A: The only cases where those two sequences would differ would be when $n! = \frac {(n+k)!}{n!}$ or $(n+k)! = (n!)^2$ and that is the only time you can have $n! \le \frac {(n+k)!}{n!}$ and $n! < \frac {(n+k)!}{n!}$ not both be true or not both be false.
anomaly's answer explains why that can never for $n > 1$.  
I just want to add that if $n = 1$ then this is $(k+1)! = 1$ which is true only if $k =0$.

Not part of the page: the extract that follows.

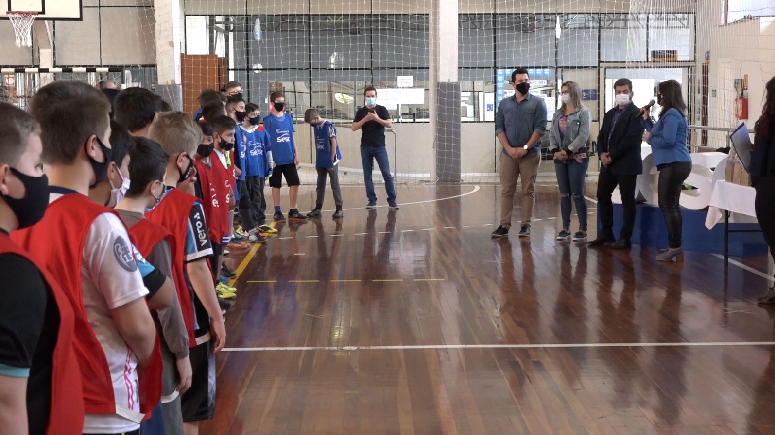 Na manhã desta quarta-feira feira (01), foi lançado oficialmente o projeto de Iniciação Esportiva Gratuita do Sesc Erechim, totalmente custeado pelo Sesc com suporte do Sesc Rio Grande do Sul, por meio da destinação do material e apoio necessário para o desenvolvimento das atividades. Em uma breve formalidade, foi entregue kit com as camisetas do projeto para as crianças presentes e também contou com a participação de autoridades, convidados, alunos, colaboradores e a imprensa. Antes do jogo, uma estudante foi convidada para dar o chute simbólico.

Hence the sequences do differ at $n=1$.  The first term of A075357  is $0$ while the term of A094331 is $1$.  Otherwise the sequences are identical.  But they do differ and $n=1$
So for A075357 you want the least $k$ so that $1! < \frac {(1+k)!}{1!}$ and that is $1! = \frac {1!}{1!}$ and $1! < \frac {2!}{1!}$ and that is when  $1+ k = 2$ or $k =1$.  But of A094331 you want the least $k$ so that $1! \le \frac {(1+k)!}{1!}$ and because $1! = \frac {1!}{1!}$ that is $1+k =1$ or $k = 0$.
As for any other $n > 1$ we have $\frac {(n+k)!}{n!}\ne n!$ we have $n! \le \frac {(n+k)!}{n!} \iff n! < \frac {(n+k)!}{n!}$ and the sequences are equal.
A: With the exception of $N=1$, $N!$ is never a square. This is because, by Bertrand's Postulate, there is always a prime between $N$ and $\lfloor N/2\rfloor$ (to be precise, a prime $p$ satisfying $\lfloor N/2\rfloor\lt p\le N$), and such a prime can only divide $N!$ once. So if we take $N=n+k$ with positive integers $n$ and $k$, we have $N\gt1$ and so $N!=(n+k)!$ is not a square.  In particular, it cannot be the case that $(n+k)!=(n!)^2$. Thus it is never the case that $(n+k)!/n!=n!$.
It might be of interest to see if there is a proof that $N!$ is never the square of a factorial that doesn't rely on Bertrand's Postulate.